In Zusammenarbeit mit der Kolping-Kampagne „Aktiv gegen religiöse Verfolgung“, dem internationalen Caritasverband und voraussichtlich auch der evangelischen Diakonie sollen Spenden für die Flüchtlinge gesammelt werden. Um sicherzustellen, dass das Geld die Notleidenden vor Ort erreicht, werden die Spenden von Dr. Jochen Reidegeld persönlich überbracht. Der stellvertretende Generalvikar des Bistums Münster war sieben Jahre lang Kaplan in Senden.

„Der Nordirak ist 5000 Kilometer entfernt. Aber viele Terroristen kommen aus europäischen Staaten. Ihre Ideen sind auch hier verbreitet“, mahnt Orhan Atalan,

Zur Erinnerung an den Terror des IS und das Schicksal der Flüchtlinge sollen vom 6. bis zum 18. Oktober Mahnwachen in Senden gehalten werden.
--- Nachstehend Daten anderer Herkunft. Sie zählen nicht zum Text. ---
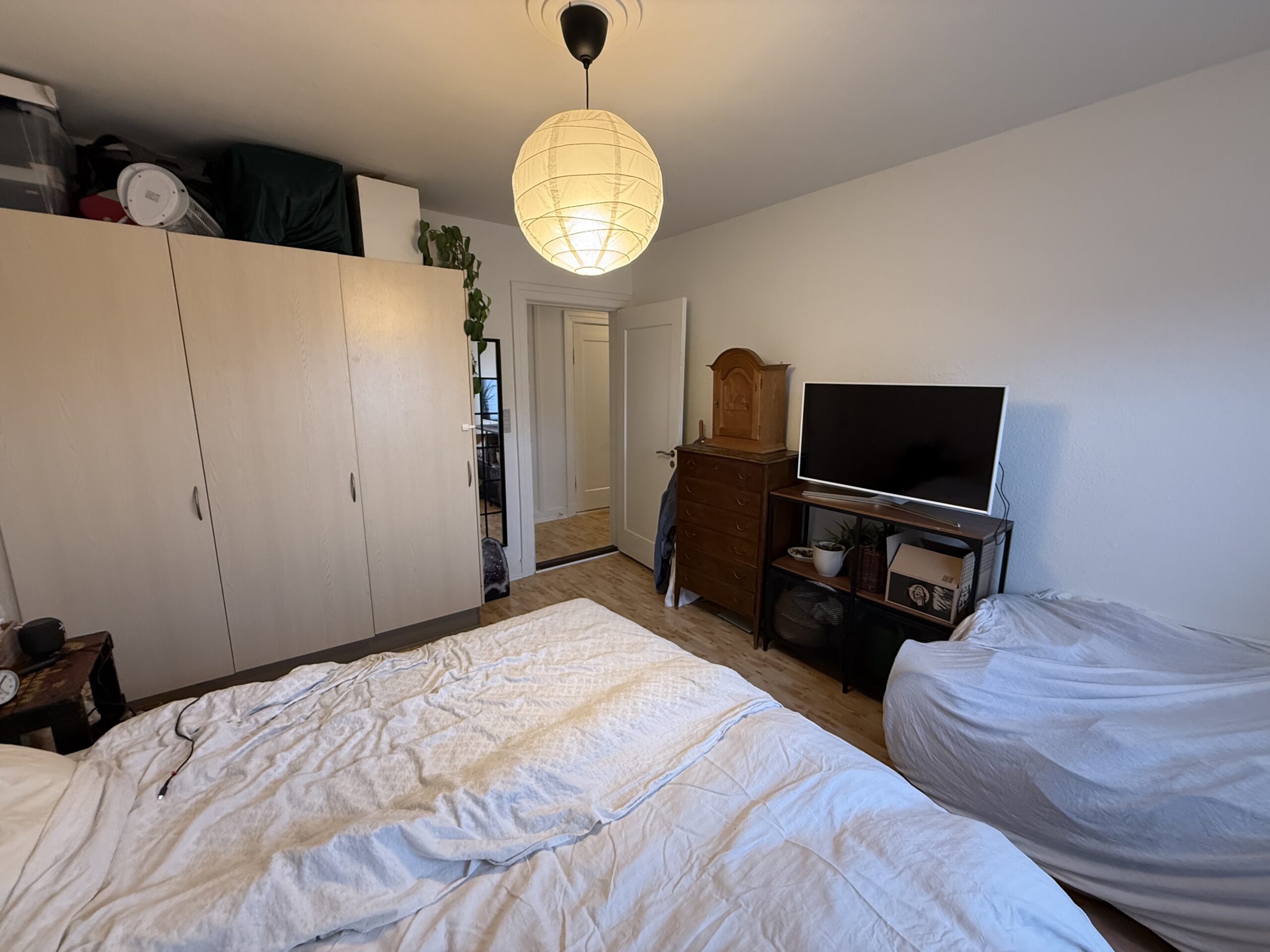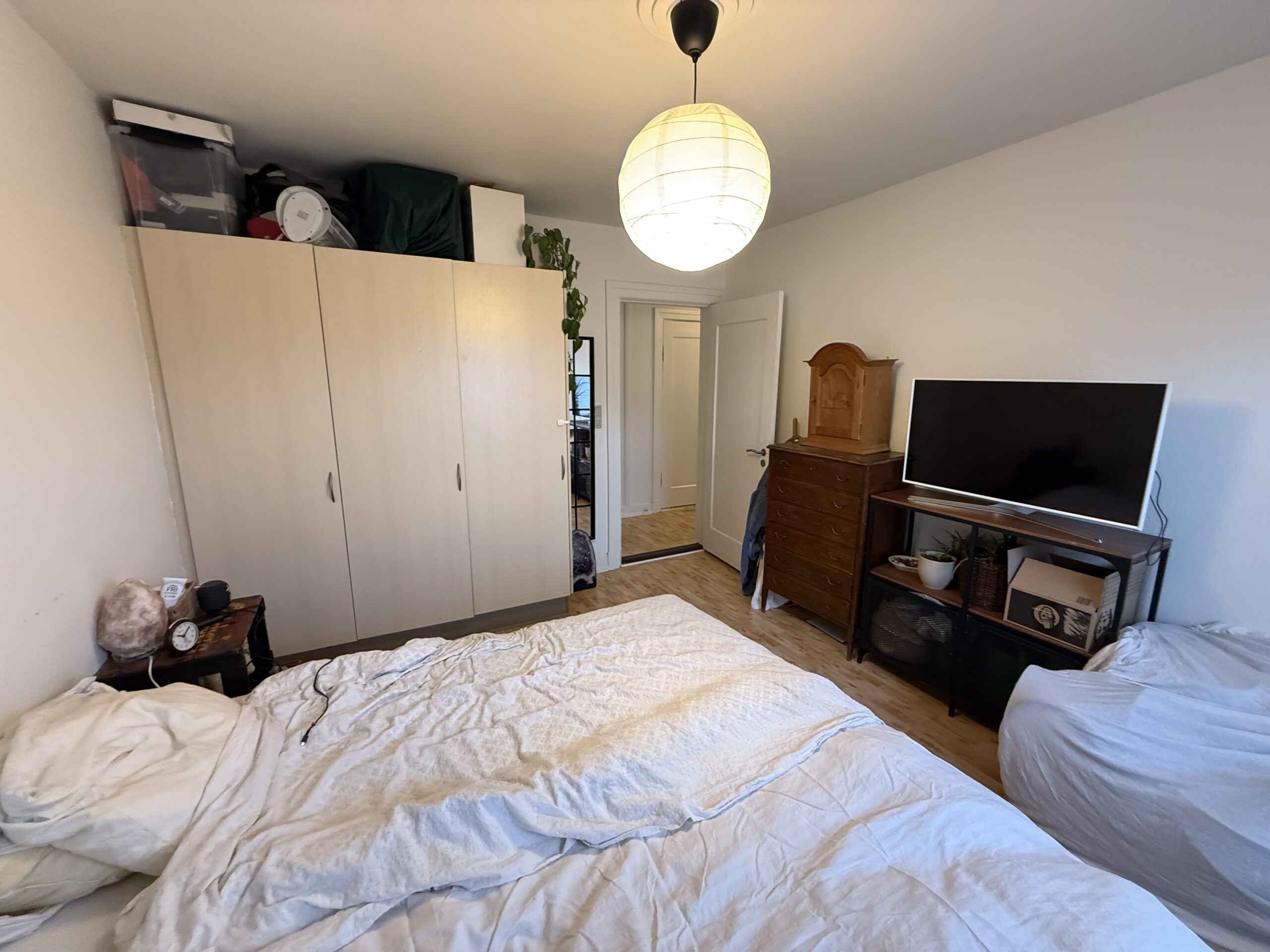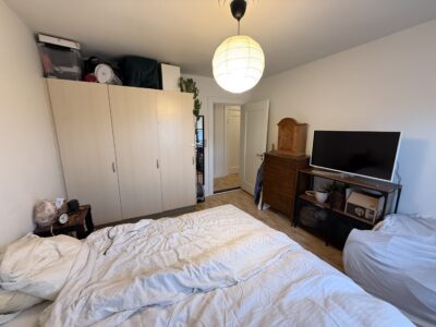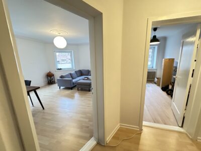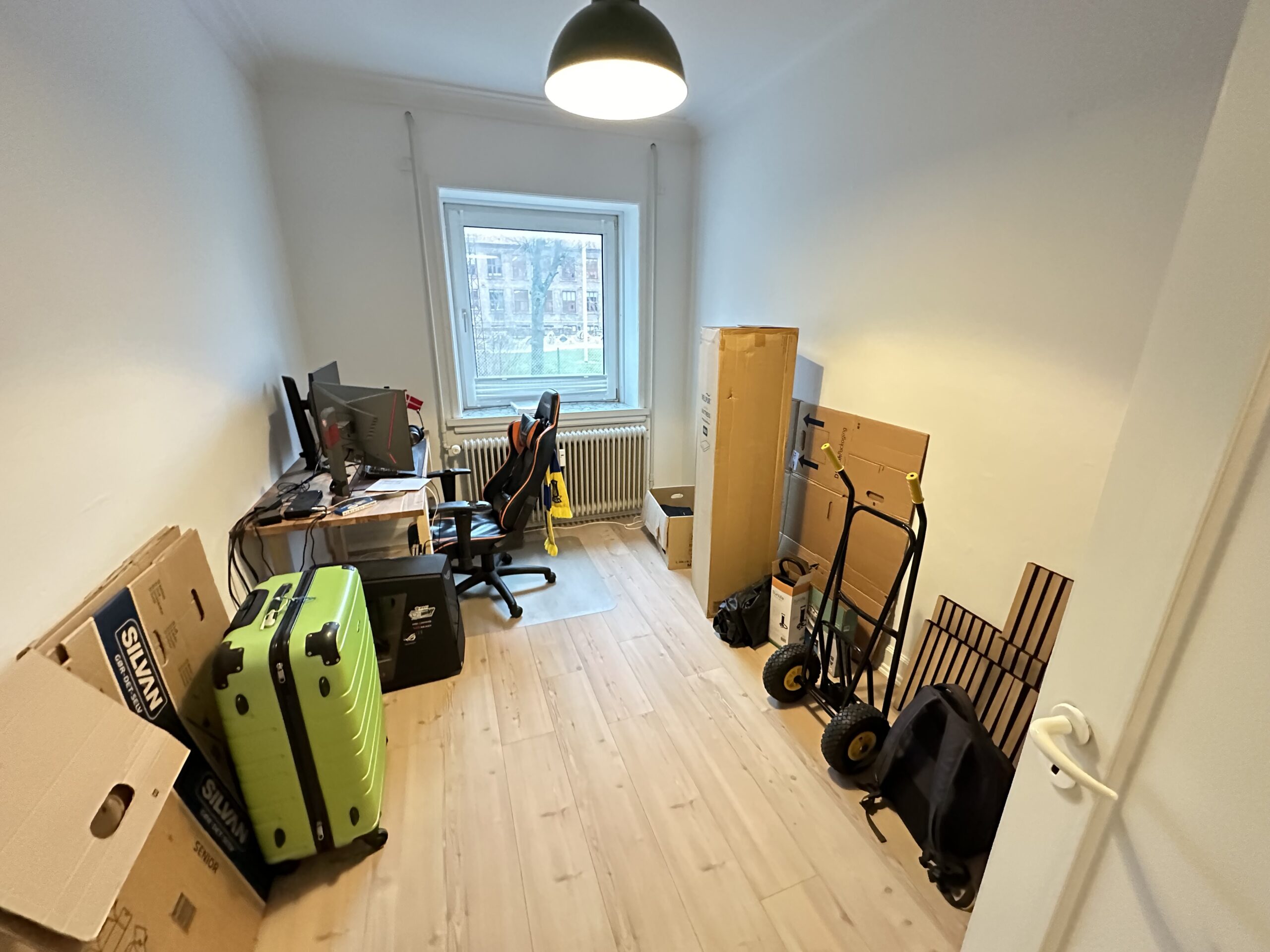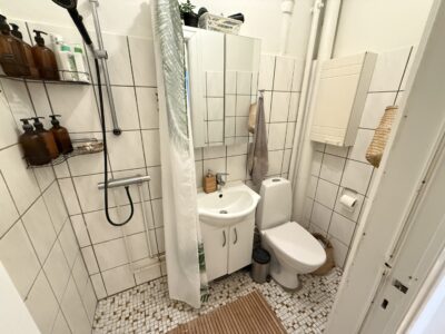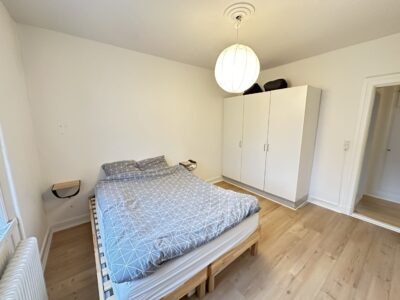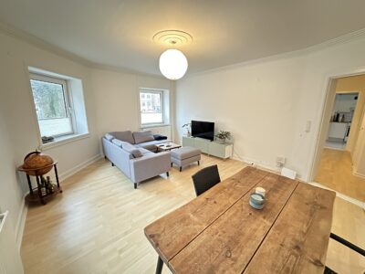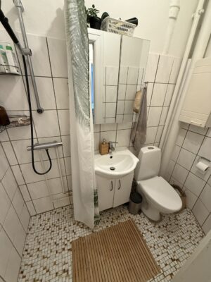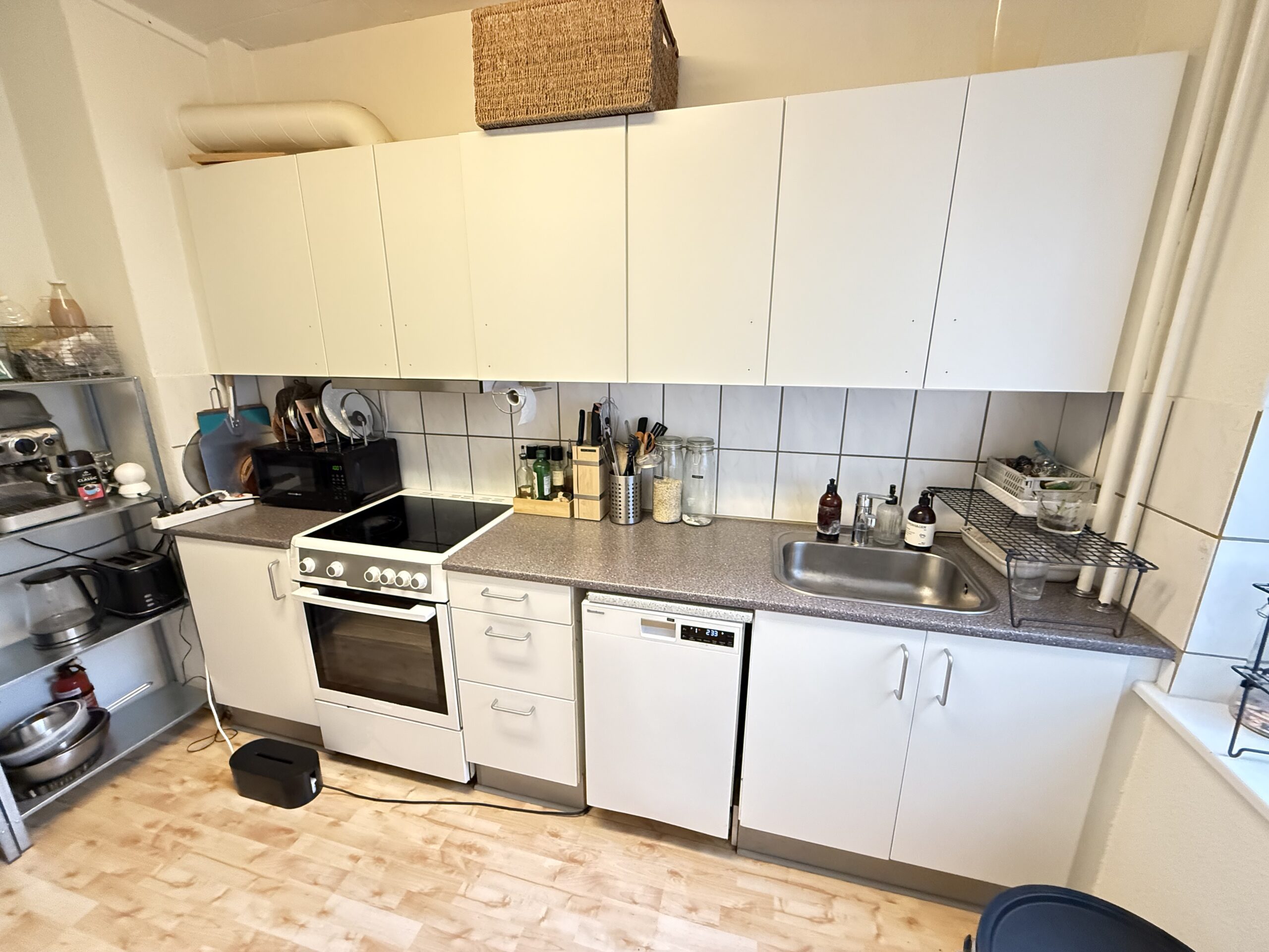 I den forreste del af lejligheden finder du det nyere, hvide køkken, der straks fanger øjet med sit stilfulde udseende. Her er der masser af skabsplads til dine køkkenredskaber og mulighed for at nyde måltider ved et lille bord. Opvaskemaskinen kan tilkøbes fra den nuværende lejer, mens køleskabet ikke er inkluderet.
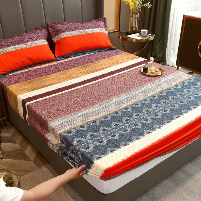 復古民族風純棉床笠單件全棉磨毛蓆夢思床墊套全包防滑床罩四件套
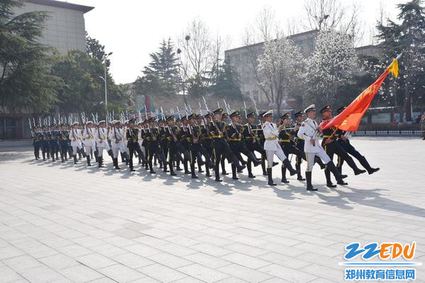 中原区文明办一行观看学校具有国防特色的少年三军仪仗队、反恐演习、无人机等军事科目表演

Ein Informationsstand des DKFK mit Unterschriftenlisten der Kolping-Kampagne „Aktiv gegen religiöse Verfolgung“ soll werktags von 15 bis 18 Uhr und samstags von 11 bis 13 Uhr gegenüber der Sparkasse stehen.

Spenden für die gemeinsame Hilfsaktion des Deutsch-kurdischen Freundeskreises (DKFK), der katholischen und evangelischen Kirchengemeinde sowie der Gemeinde Senden können auf das Konto des DKFK überwiesen werden:

Konto 36 28 58 23 bei der Sparkasse Westmünsterland (BLZ 401 545 30), Stichwort „Hilfe für Flüchtlinge“.